## What you need to do:
Give back the full listing exactly, setting the pictures aside.

## Recorded data:
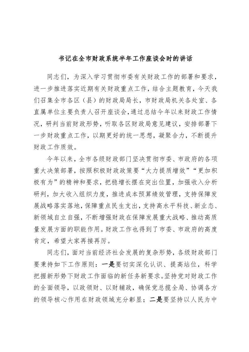 / 书记在全市财政系统半年工作座谈会时的讲话
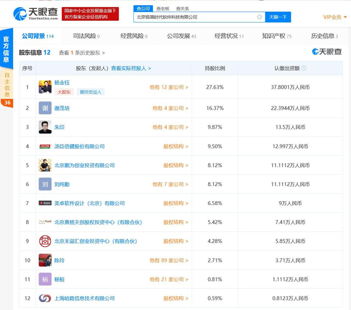 北京极简时代软件科技有限公司成立于2012年7月,注册资本约136.8万人民币,法定代表人为杨金钰,经营范围包括技术开发、销售计算机、软件及辅助设备、电子产品、通讯设备等。天眼查股东信息显示,杨金钰持有该公司27.63%的股份,为公司最大的股东;北京顺为创业投资有限公司(雷军持股51%)仍持有该公司约8.12%的股份,为该公司第五大股东;其余股东还包括汤臣倍健、真格基金等。
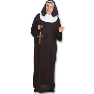 This Nun Costume includes the dress, headpiece and collar. This is a full-cut costume that should fit up to a size 20.

## Written solution:
 / 书记在全市财政系统半年工作座谈会时的讲话
 北京极简时代软件科技有限公司成立于2012年7月,注册资本约136.8万人民币,法定代表人为杨金钰,经营范围包括技术开发、销售计算机、软件及辅助设备、电子产品、通讯设备等。天眼查股东信息显示,杨金钰持有该公司27.63%的股份,为公司最大的股东;北京顺为创业投资有限公司(雷军持股51%)仍持有该公司约8.12%的股份,为该公司第五大股东;其余股东还包括汤臣倍健、真格基金等。
 This Nun Costume includes the dress, headpiece and collar. This is a full-cut costume that should fit up to a size 20.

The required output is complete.